虽然交易系统的概念意味着可以创造虚拟货币，但这将需要一个全局账本来跟踪货币的所有权和转移。这可以实现为 BitSwap 策略，并将在未来的论文中进行探讨。

In the base case, BitSwap nodes have to provide direct value to each other in the form of blocks. This works fine when the distribution of blocks across nodes is complementary, meaning they have what the other wants. Often, this will not be the case. In some cases, nodes must work for their blocks. In the case that a node has nothing that its peers want (or nothing at all), it seeks the pieces its peers want, with lower priority than what the node wants itself. This incentivizes nodes to cache and disseminate rare pieces, even if they are not interested in them directly.

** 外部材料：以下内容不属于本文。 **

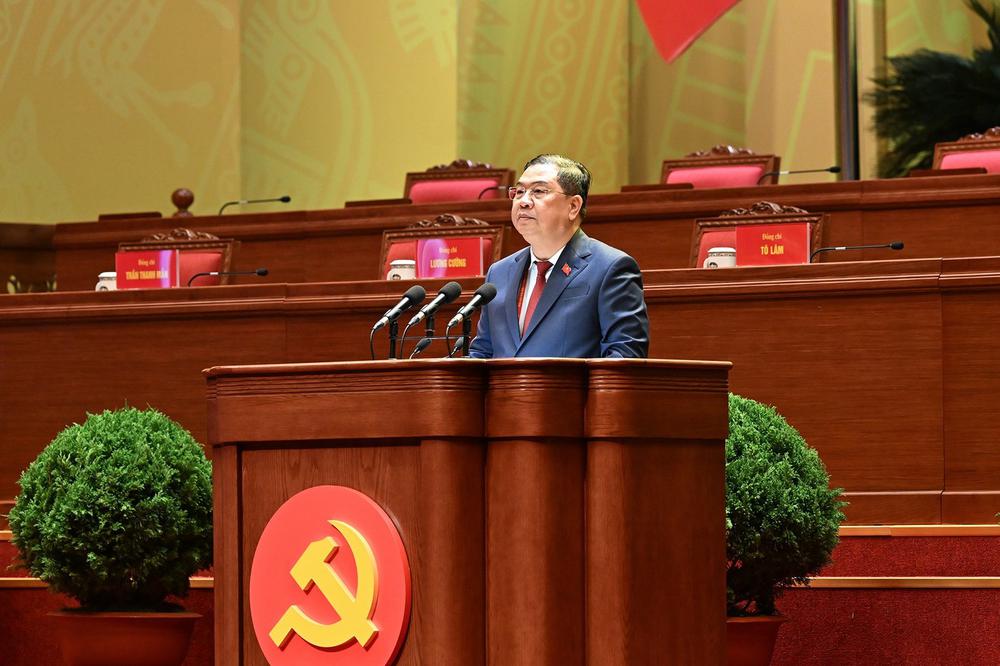 Đồng chí Lê Minh Hưng, Ủy viên Bộ Chính trị, Bí thư Trung ương Đảng, Trưởng ban Tổ chức Trung ương báo cáo tiếp thu ý kiến các đoàn đại biểu góp ý vào quy chế làm việc của Đại hội và toàn văn dự thảo Quy chế làm việc đã tiếp thu ý kiến các đoàn đại biểu.

在基本情况下，BitSwap 节点必须以块的形式相互提供直接值。当节点间的块分布是互补的时，这就可以很好地工作，这意味着它们拥有其他节点想要的东西。通常，情况并非如此。在某些情况下，节点必须为它们的块工作。如果节点没有它的对等节点想要的东西（或者什么都没有），它就会寻找它的对等点想要的东西，优先级低于节点本身想要的东西。这将鼓励节点缓存和传播罕见的片段，即使它们对这些片段不感兴趣。

3.4.1 BitSwap Credit

The protocol must also incentivize nodes to seed when they do not need anything in particular, as they might have the blocks others want. Thus, BitSwap nodes send blocks to their peers optimistically, expecting the debt to be repaid. But leeches (free-loading nodes that never share) must be protected against. A simple credit-like system solves the problem:

Peers track their balance (in bytes verified) with other nodes.
Peers send blocks to debtor peers probabilistically, according to a function that falls as debt increases.

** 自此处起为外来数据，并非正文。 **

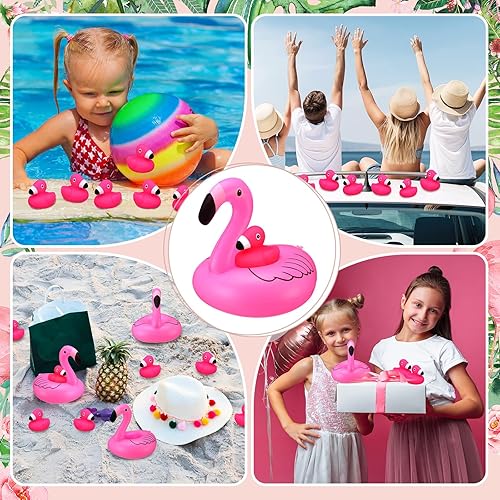 Ideal Size: each flamingo bath toy measures approximately 2.76 x 2.36 x 2.17 inches, and comes with a flamingo swimming ring with a diameter of 7.9 inches and a height of 6.9 inches; The flamingo rubber duck can be placed on the swimming ring to make it a fun pool, birthday party decoration

协议还必须激励节点进行保种，尤其是在不需要任何数据时，因为这些节点可能拥有其他节点想要的数据块。因此，BitSwap 节点积极地向其对等节点发送块，期望债务得到偿还。但是必须防范吸血鬼节点（从不共享的自由加载节点）。一个简单的类似信用的系统解决了这个问题：

对等节点会记录与其他节点的差额（以字节为单位）。
对等节点按概率向债务节点方发送数据块，这个概率是一个随着债务增加而下降的函数。

Note that if a node decides not to send to a peer, the node subsequently ignores the peer for an ignore_cooldown timeout. This prevents senders from trying to game the probability by just causing more dice-rolls. (Default BitSwap is 10 seconds).

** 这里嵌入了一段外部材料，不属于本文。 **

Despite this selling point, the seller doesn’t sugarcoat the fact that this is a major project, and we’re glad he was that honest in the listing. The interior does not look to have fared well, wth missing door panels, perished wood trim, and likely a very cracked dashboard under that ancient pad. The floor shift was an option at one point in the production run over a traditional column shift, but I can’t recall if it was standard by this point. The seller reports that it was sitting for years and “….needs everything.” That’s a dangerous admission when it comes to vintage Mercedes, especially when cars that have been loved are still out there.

注意，如果一个节点决定不向某个对等节点发送数据，该节点会在随后的 ignore_cooldown 超时时间内忽略该对等节点。这样可以防止发送者尝试多次发送来提高概率（BitSwap 默认是 10 秒）。

3.4.2 BitSwap Strategy

The differing strategies that BitSwap peers might employ have wildly different effects on the performance of the exchange as a whole. In BitTorrent, while a standard strategy is specified (tit-for-tat), a variety of others have been implemented, ranging from BitTyrant [8] (sharing the least-possible), to BitThief [8] (exploiting a vulnerability and never share), to PropShare [8] (sharing proportionally). A range of strategies (good and malicious) could similarly be implemented by BitSwap peers. The choice of function, then, should aim to:

maximize the trade performance for the node, and the whole exchange
prevent freeloaders from exploiting and degrading the exchange
be effective with and resistant to other, unknown strategies
be lenient to trusted peers

BitSwap 对等节点可能采用的不同策略，对整体数据交换的性能有着显著不同的影响。在 BitTorrent 中，虽然指定了一个标准的策略 (tit-for-tat)，但是已经实现了很多其他的策略，从 BitTyrant [8] （尽可能小地共享）到 BitThief [8] （利用漏洞，从不共享），再到 PropShare [8] （按比例共享）。BitSwap 对等节点同样可以实现一系列策略（好意的和恶意的）。对于函数的选择，目标应该是：

最大化节点和整体交易的交易性能
防止吃白食者剥削和降低交易量
对其他未知的策略有效并具有抵抗力
宽容对待可信对等节点

The exploration of the space of such strategies is future work. One choice of function that works in practice is a sigmoid, scaled by a debt ratio:
Let the debt ratio r between a node and its peer be:

对这些策略空间的探索是未来的工作。在实践中，有效的一种函数选择是 sigmoid（S 型函数），用负债比率来衡量：
令一个节点与其对等节点之间的负债比率为 r:

$r = \frac {bytes\_sent}{byte\_recv + 1}$

Given r, let the probability of sending to a debtor be:

给定 r，则发送给债务人的概率为：

$p (send\ |\ r) = 1 - \frac {1}{1 + exp (6 - 3r)}$

As you can see in Figure 1, this function drops off quickly as the nodes’ debt ratio surpasses twice the established credit.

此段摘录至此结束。